DeFiChain Basics: The DeFiChain DEX

solros
BLOCK6
Published in
6 min readApr 25, 2022

After my first more general post about the mechanics of decentralized exchanges, I will put extra focus on DeFiChain in this one and explain some details that are specific to DeFiChain.

What are the “max price” and the “slippage tolerance”?

When submitting a pool swap transaction, you have the option to specify a maximal price that you are willing to pay. The transaction will not be added to a block and hence the swap will not be executed if the price is higher. If a swap with a max price is executed, you will get at least

output ≥ input • (1-fee) / maxPrice

So if you want to swap 1000 DUSD to dTSLA for a max price of 1100 DUSD, the swap fee in the TSLA-DUSD pool is 0.4% and you will get at least 1000 • 0.996 / 1100 = 0.90545455 dTSLA if the swap is executed.

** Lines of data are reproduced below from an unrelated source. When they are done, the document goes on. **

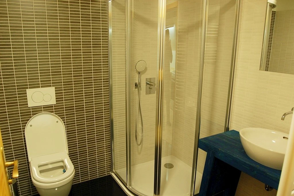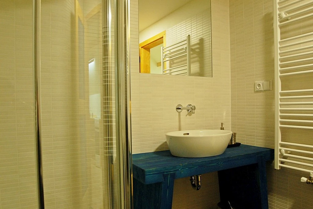 K dispozici je vlastní sociální zařízení- koupelna s umyvadlem, toaletou a sprchovým koutem.
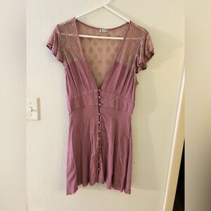 Chic dusty lavender pink dress with lace cap sleeves. Features a deep V-neck and button-front design. Ideal for stylish outings.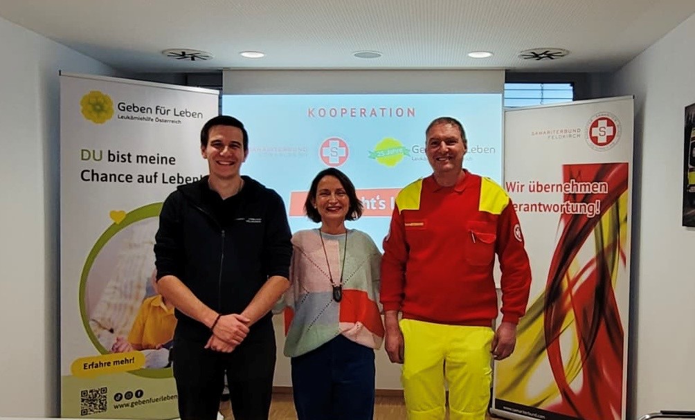 Geben für Leben – Leukämiehilfe Österreich und der Samariterbund Vorarlberg haben eine bedeutende Kooperation beschlossen. Künftig wird der Samariterbund Vorarlberg im Rahmen dieser Partnerschaft Typisierungsaktionen für Geben für Leben durchführen und damit aktiv zur Suche nach potenziellen Stammzellspender:innen beitragen.

Note that it may happen that you can only swap a smaller amount than you want to swap at your set max price. In such a situation, an order on a centralized exchanges would only be partially execute. On a DEX, however, there are no partial executions. The swap will not go through. You can then of course try again with a smaller amount.

It is also important and interesting to note that while on a centralized exchange there is always a “buy” and a “sell” direction for each trading pair, a DEX is symmetric and both sides are equal. You always buy! (Also you always sell — but the price is defined from a buyer’s perspective.) If you are used to thinking in min prices for selling, you simply need to use the inverse as a max price. For example, if you want to sell TSLA to DUSD for a price of at least 1000 DUSD, you need to set the max price to 1/1000 since you want to pay at most 1/1000 TSLA for one DUSD.

You can only explicitly set the max price via the CLI, but the Light Wallet and the Desktop Wallet since version 2.12.0 offer a simpler alternative — the slippage tolerance. This is specified in percent and defines how much more than the estimated price you are willing to pay. (Note that the estimated amount that is displayed in the app already accounts for fees and slippage caused by your own swap. So the slippage tolerance only needs to allow for the additional slippage caused by other transactions.)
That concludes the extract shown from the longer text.